"Communities" in Community Engagement: Lessons Learned from Autism Research in South Africa and South Korea

"Community-based research requires collaboration with the population where research is conducted. There is no one-size-fits-all method of community engagement."

Little research has been conducted on behavioural characteristics of children with autism spectrum disorder (ASD), with little reliable information yet reported from developing countries. To respond to this lack of data, the project "Engaging Communities in Research in South Korea and South Africa" undertook community-based participatory research to engage diverse communities with ASD research in two community-based research projects: an epidemiologic investigation of 7- to 12-year olds in South Korea and the Early Autism Project, an ASD detection programme for 18- to 36-month-old Zulu-speaking children in South Africa. The goal was to find supportive solutions for children with autism, while also increasing knowledge of the cross­-cultural aspects of the condition.

The researchers found that, despite the differences in wealth between these communities, ASD is under-diagnosed in both settings and generally not reported in clinical or educational records. Moreover, in both countries, there is low availability of services. In both cases, local knowledge helped researchers to address both ethnographic as well as practical problems. Researchers identified the ways in which these communities generate and negotiate the cultural meanings of developmental disorders. Researchers incorporated that knowledge, as they engaged communities in a research protocol, adapted and translated screening and diagnostic tools, and developed methods for screening, evaluating, and diagnosing children with ASD.

Country-specific processes and findings include:

• South Korea: A recent prevalence study was launched with the hope that it would help increase awareness - decreasing stigma - and expand special education services in the country.

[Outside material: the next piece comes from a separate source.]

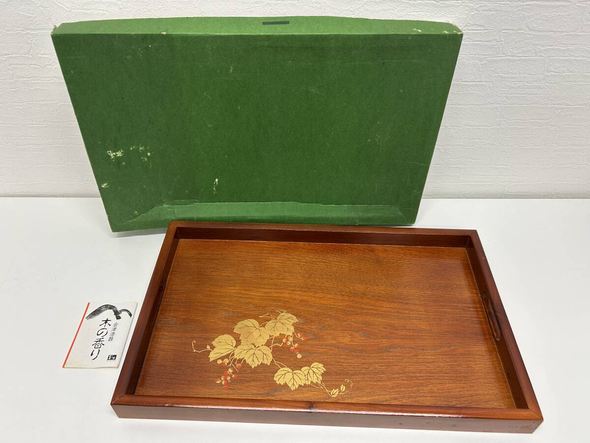 - E-1183 【同梱不可】980円~ 未使用品 会津漆器 木の香り お盆 盆 トレー

Screening by means of community engagement gave more accurate prevalence data than what would have been ascertained by exclusively using health records. The community-based methods used in this study allowed researchers to identify otherwise unrecognised high-functioning ASD children. In the study, families and teachers expressed mistrust of the medical community, as well as fear of stigma and loss of confidentiality. The researchers employed ethnographic interviews and focus groups in order to address these concerns, which had contributed to the under-diagnosis of the condition.
• South Africa: Researchers used methods of community engagement to reach low-resource and underserved populations in a KwaZulu-Natal (KZN) autism-screening programme. As in many low- and middle-income countries, early intervention for ASD is often neglected, as resources are focused on short-term survival issues. During the course of the research, interviews were conducted with parents, teachers, health care professionals, traditional healers, and clergy. These interviews explored what services are available, what should be included in the research materials, and how to translate the screening and diagnostic tools. Involvement of bilingual (Zulu/English) parents supported accurate language and cultural relevance of the evaluation tools used in the study. Two important barriers to community participation in South Africa were poverty and the AIDS epidemic. Poverty limited parents' ability to seek ASD-related medical attention unless symptoms were severe. Many children were being cared for in centres called crèches, where awareness of autism was very limited. HIV/AIDS often complicates recognition, as it can result in developmental delays. According to the researchers, the study contributed openness in discussing the topics addressed. Participants reported feeling inspired to continue discussions and build social networks to deliver better care. However, they questioned the value of an ASD diagnosis if there are few services available for treatment. Some also questioned the benefits of a "western" diagnosis vs. a "traditional" diagnosis.

The authors make it clear that stigma is a major barrier to research participation in both countries. There are also various language and cultural differences between communities, and many people do not trust researchers. Together, these issues underscore the importance of working closely with families in ways that respect their values and culture. "Successful community-based research requires knowledge about how the burden of care is distributed amongst family members, what families know or understand about services, and their ideas of advocacy and treatment." The researchers stress that culture can be the key to finding effective solutions for communities. "Community engagement as a tool to consider culture in autism management...provides opportunities to improve research processes as well as to produce meaningful solutions for communities in need."